For existing designs, this correction workflow is a great way to improve performance without having to start from scratch.

For a simplified example of design correction, see our correction notebook.

Fabrication-aware inverse design

flowchart LR
    A[Device<br>Design] --> B[Prediction<br>Model]
    B --> C[Predicted<br>Design]
    C --> D[EM<br>Simulation]
    D --> E[Gradient<br>Calculation]
    E --> |Optimization| A
    style A fill:none,color:white,stroke:white
    style B fill:none,color:white,stroke:lightgreen
    style C fill:none,color:white,stroke:white
    style D fill:none,color:white,stroke:yellow
    style E fill:none,color:white,stroke:white
    linkStyle default stroke:white

The ultimate integration of fabrication awareness comes in the form of fabrication-aware inverse design or FAID, where fabrication effects are incorporated directly into the optimization process itself. Rather than appending fabrication awareness as a post-processing step, here it is incorporated into the optimization loop itself to create designs that are inherently manufacturable.

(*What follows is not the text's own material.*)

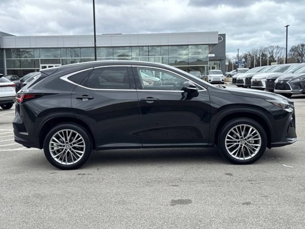 Certified by the best program in the industry seven years running, adding an UNLIMITED MILEAGE WARRANTY and four free services! Need financing? Check our seasonal specials! Come take a test drive today! Lexus Glenview is delighted to offer this wonderful 2025 Lexus NX 350h Premium in Caviar Beautifully equipped with 10 Speakers, 4-Wheel Disc Brakes, ABS brakes, Air Conditioning, Alloy wheels, AM/FM radio: SiriusXM, Auto High-beam Headlights, Auto tilt-away steering wheel, Auto-dimming door mirrors, Auto-dimming Rear-View mirror, Automatic temperature control, Brake assist, Bumpers: body-color, Delay-off headlights, Driver door bin, Driver vanity mirror, Dual front impact airbags, Dual front side impact airbags, Electronic Stability Control, Emergency communication system: Safety Connect (up to 10-year trial subscription included), Exterior Parking Camera Rear, Four wheel independent suspension, Front anti-roll bar, Front Bucket Seats, Front Center Armrest, Front dual zone A/C, Front fog lights, Front reading lights, Fully automatic headlights, Garage door transmitter: HomeLink, Heated & Ventilated Front Bucket Seats, Heated door mirrors, Heated front seats, Illuminated entry, Knee airbag, Leather Shift Knob, Leather steering wheel, Low tire pressure warning, Memory seat, Navigation system: Drive Connect Cloud Navigation (subscription required), NuLuxe Seat Trim, Occupant sensing airbag, Outside temperature display, Overhead airbag, Overhead console, Panic alarm, Passenger door bin, Passenger vanity mirror, Power door mirrors, Power driver seat, Power Liftgate, Power moonroof, Power passenger seat, Power steering, Power windows, Radio data system, Radio: 10-Speaker Lexus Premium Sound, Rain sensing wipers, Rear anti-roll bar, Rear reading lights, Rear seat center armrest, Rear window defroster, Rear window wiper, Remote keyless entry, Security system, Speed control, Speed-sensing steering, Speed-Sensitive Wipers, Split folding rear seat, Spoiler, Steering wheel memory, Steering wheel mounted audio controls, Tachometer, Telescoping steering wheel, Tilt steering wheel, Traction control, Trip computer, Turn signal indicator mirrors, Variably intermittent wipers, Ventilated front seats, Wheels: 18" Dark Gray Met. & Machined Finish Alloy, and Wireless Apple CarPlay/Wireless Android Auto!

This is especially useful in designing around aspects of the fabrication process (e.g., etching and stochastic effects) that cannot be corrected with design parameter tuning. In other words, FAID produces the best possible design given the limits of fabrication.

The optimization loop begins with an initial design and uses the prediction model to anticipate its fabricated form. This predicted structure is then simulated, from which we calculate gradients that guide design updates (depending on the optimization algorithm). The process repeats, continuously refining the design while accounting for both performance targets and fabrication constraints. The result is designs that are inherently manufacturable while meeting performance requirements.

For a detailed example of this advanced workflow, see our fabrication-aware inverse design tutorial.